Dawn Reader
Thursday, March 13, 2014
More like your mother ... or father?
Joyce and I have spent many hours together in the car--I'm guessing we've spent months together in the car (maybe even years) during our decades of travel. We take turns driving, though I (in some ways I remain my father) like to be the one who starts out, who finishes. Sometimes it's just plain stupid, what I do. For example, when we leave Becket, Mass., a place in the Berkshires where my brothers share an old farmhouse they use for weekends and summers (and is only about 20 minutes away from Mom in Lenox), I always start out driving, even though I go only about eight miles, down to the Shell station in Lee, where we gas up and get coffee at the McDonald's that shares the parking lot with Shell. From there, Joyce drives all the way to the McDonald's at the Lord's Valley exit on I-84--some 170 miles away. So why doesn't Joyce just drive the Becket-to-Lee portion, too? Because--that's why.
Anyway, on our many long car trips we do various things. Read (I often do my daily Kirkus quota of 100 pages during one of her stints), take notes on various things, laugh, remember, stare at the scenery, try to convince the Old Bladder that he really can wait a bit longer, can't he? Please ...
But we often ask each other speculative (i.e., silly) questions about various things--questions that begin with such things as What would you do if ... ? What would have happened if you had ... ? Which movie star ... ? If you had never met me, ... ? That sort of thing. Sometimes one or the other of us doesn't really want to "play," and we've both developed very intricate strategies for avoiding having to do so. (I will not reveal mine--I will definitely need them again.)
Anyway, the other evening, we were driving along in search of a Starbucks when I asked Joyce, "Are you more like your father's family--or your mother's?" And we talked a bit about how she had the fierce work ethic of the Haberkosts (her mom's side)--but then her dad was a hard worker, too. So it wasn't all that easy an answer.
My Osborn grandparents (Mom's folks) were fastidious and organized--words that in some (but not all) ways fit me. My study is far messier than my grandfather ever would have tolerated. His study was so neat it looked as if no one used it--but he used it every day. Mine's a trash heap. Still, I know where things are--pretty much. My mother was also a very organized teacher (I was, too--after a decade or so)--though Dad was a little more laid-back in his own teaching. It's not an easy question to answer, I realized.
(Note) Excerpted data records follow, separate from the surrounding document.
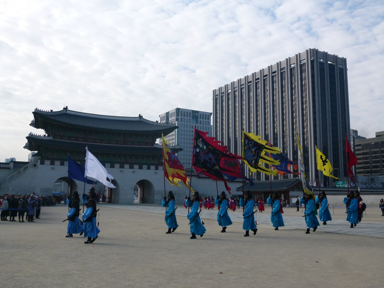 今日は韓国・ソウルを旅しています。地下鉄で安国で下車したので「光化門」の前付近ではなく、東側から中へ入りました。「景福宮」へ到着したのが丁度10時で運よく王宮守門将交代儀式をやっていました。場所は「光化門」と「興礼門」の間です、景福宮内への入場券はここで購入です。3000ウォン(約300円)だったと思います。さぁー中へ入ってみましょう。日本の城とは異なり、まるで中国の紫禁城を思わされます。とにかく広いですよ。出口は「国立民俗博物館」方面への方が良いです、無料で観覧できます。
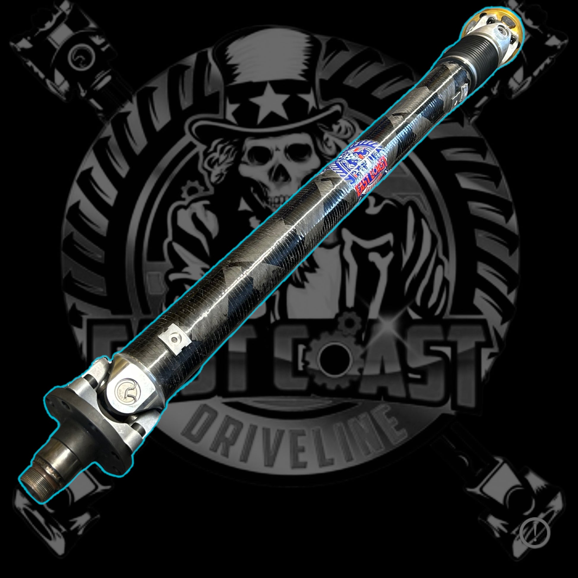 **Carbon Fiber driveshaft made with 3”ID x .125 or .155” wall Tubing, solid 1350 Series U-Joints and Billet Aluminum Flange Yokes with 110mm Front coupler delete Adapter. Custom Made Differential Adapter with 27 spline and threads.
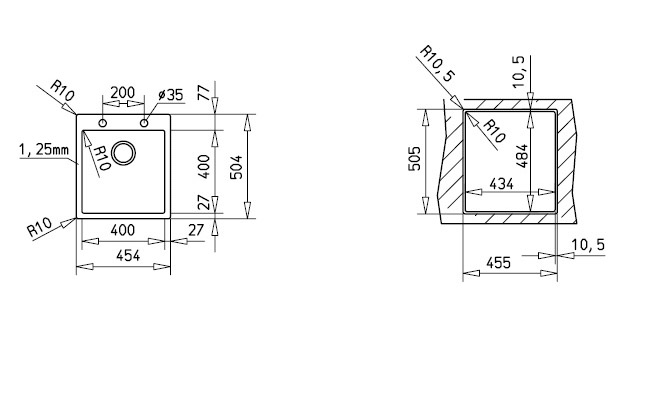 - Размеры чаши мойки Ш x Г ≈ 400 x 400 мм
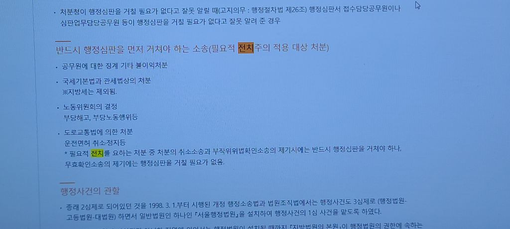 일반적인 취소소송에서 임의적 전치주의를 규정하는데,
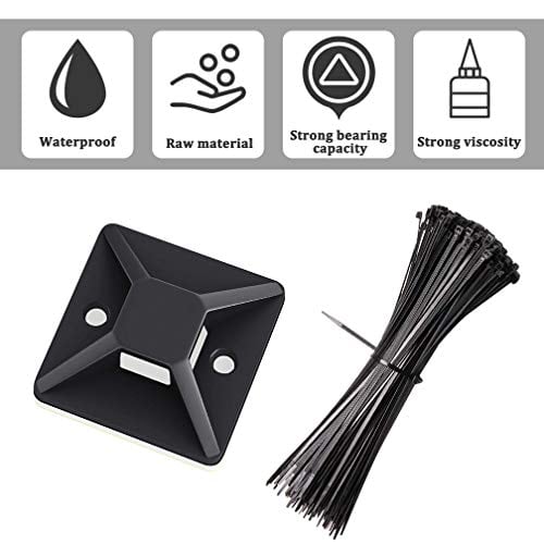 ケーブルタイ マウントベース ナイロン結束バンド セット ナイロンケーブルストラップ 強力粘着テープ付き 配線 固定具 ケーブル コード 収納 整理 耐熱 耐候性 120個セット ブラック By Viaky
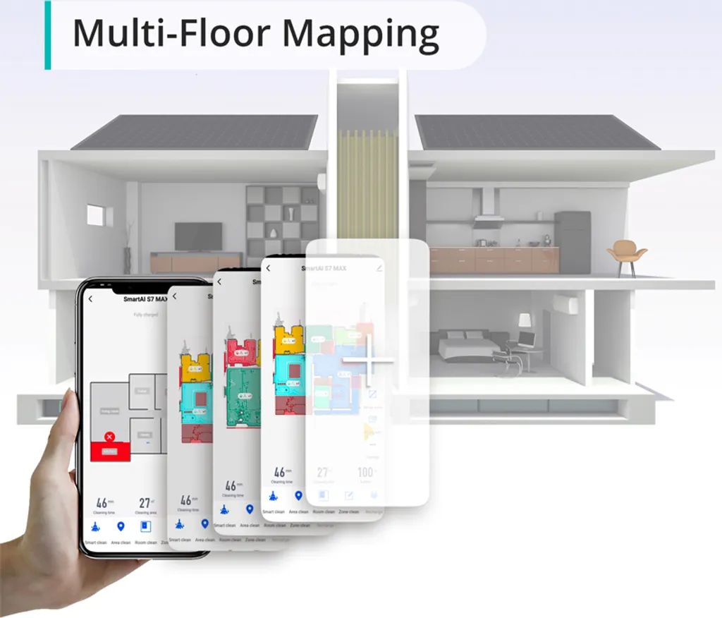 Erzeugt und speichert mehrere Karten. Der S7 MAX ist bereit für eine schnelle und effiziente Reinigung, auch wenn er an einen anderen Ort oder in eine andere Etage gebracht wird.

And then I figured out an evolutionary answer. In that same conversation, I had said to Joyce, "Just think how many simians had to survive for you and me to be here." Yes, countless protohumans (all of whom would snort in derision at my lifestyle) had to live long enough to reproduce--surviving illness, injury, accident, assaults, falling trees, hungry predators, etc. It's--to coin a phrase--mind-boggling, the unlikelihood that I'm here. If just one of them had misjudged a leap and landed in the lion's mouth, well, I wouldn't be here--and neither would a gajillion other people.*
Then another thought. Maybe you fall in love with someone who shares a common ancestor. Well, of course, we all do that, but I mean one a little farther down the ladder. Suppose love is, in one sense, kinship recognition? We already have expressions for it--a soulmate, a kindred spirit, and the like. Maybe those expressions mean something a bit more literal?
I've known since 1969--when I met her--that Joyce and I were, in fundamental ways, kin. Maybe we actually are, as well ... ?! Next car trip we'll talk about it. Unless one of us doesn't want to play.
*I actually have an event like this in my family history--a necessary Dyer escaping from Indian captivity. I'll write about that soon.